I had the privilege of speaking about eliminating data security threats at Data Connectors in Houston a couple weeks ago, and I was asked by several people about how much space “all that audit log data” would take up, and how long you could realistically keep it while still being able to report on it. One person that asked explained that he had a product to collect audit data on a single busy file server, but it could only hold a month or so of data before it consumed a full terabyte of space, and (worse) became almost unusable when generating reports.
If you’ve ever enabled native auditing (like audit object access success in windows or BSM in Solaris) and taken a look at the logs, you’ve certainly noticed, among other things, the astounding number of events they generate. I just enabled native auditing on my workstation while writing this to get some numbers. I then opened one (existing) file, edited one line, saved it, and closed it– this generated 130 distinct events by itself (46 4656 events, 46 4658 events, and 38 4663 events). With numbers like this, it’s no wonder that collecting and storing raw audit logs can take up so much space, and be so slow to parse through.

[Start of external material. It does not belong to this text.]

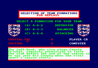 The end of the league season is fast approaching and cup fever builds in the run up to Wembley. If your team hasn't made it all the way you've got another chance to steer them to success yourself in this strategy game simulating the real thing. Up to eight players can take part and each one controls 10 teams in their battle for glory. You can choose from all 92 league clubs and 32 non-league clubs or even add a team of your own. Once all players have been chosen you can opt to start from the first or third rounds with the draw being made very slowly, presumably to build up the tension for each team. A tactic has to be chosen for each team from a selection of three. These are simply defensive, balanced and attacking options that determine the general performance of the team. For the first three rounds that first decision determines how the team plays for the whole 90 minutes but in later rounds you get to make more changes. You can watch the scores change as the minutes tick away (not real time) or speed through for the final scores. If a tie is drawn a replay takes place with the home and away teams reversed. The only other option is for the away team to have a newsflash that may help or harm the team's morale. Some of these newsflashes are serious, others are downright ridiculous but will make you laugh. Once all the replays are out of the way the draw for the next round is made at the usual snail's pace. In the fourth round there is a break at half time in which you can change the team's playing tactic in the light of the first half score to try to swing the result your way. By the sixth round this is expanded still further for tactic changes in the middle of both halves, the last of which includes the option to bring on a substitute to revive flagging fortunes. Even if your teams get knocked out the game will carry on to the final where a small picture of Wembley appears, accompanied by a rendition of "Land of hope and glory". The match is played with one line reports on significant action until the cup winner is declared. If your favourite team gets knocked out though you can reset the game at any time and go through it all again.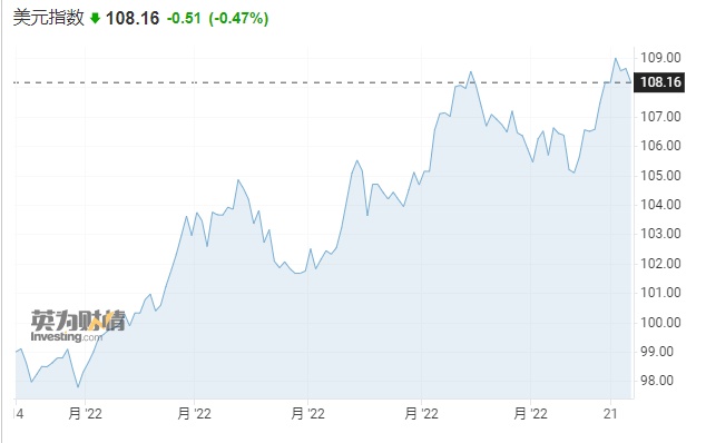 数据显示,截至发稿,衡量美元兑六种主要货币的一篮子美元指数下跌0.47%,报108.16,但仍离7月中旬触及的自2002年9月以来的最高点109.29不远。

This is one of the areas where metadata framework technology really shines in unstructured data protection. Not only can a metadata framework replace the inefficient native operating system auditing functionalities on many platforms, it can also normalize the audit information and store it within intelligent data structures. Normalization eliminates redundant information, and the data structures are much easier to process after the computationally intensive parts of the audit trail (like the path and SID) are converted into integers.
With normalization and intelligent data structures, not only can audit information be stored more efficiently, it is also quicker to search and easier to analyze.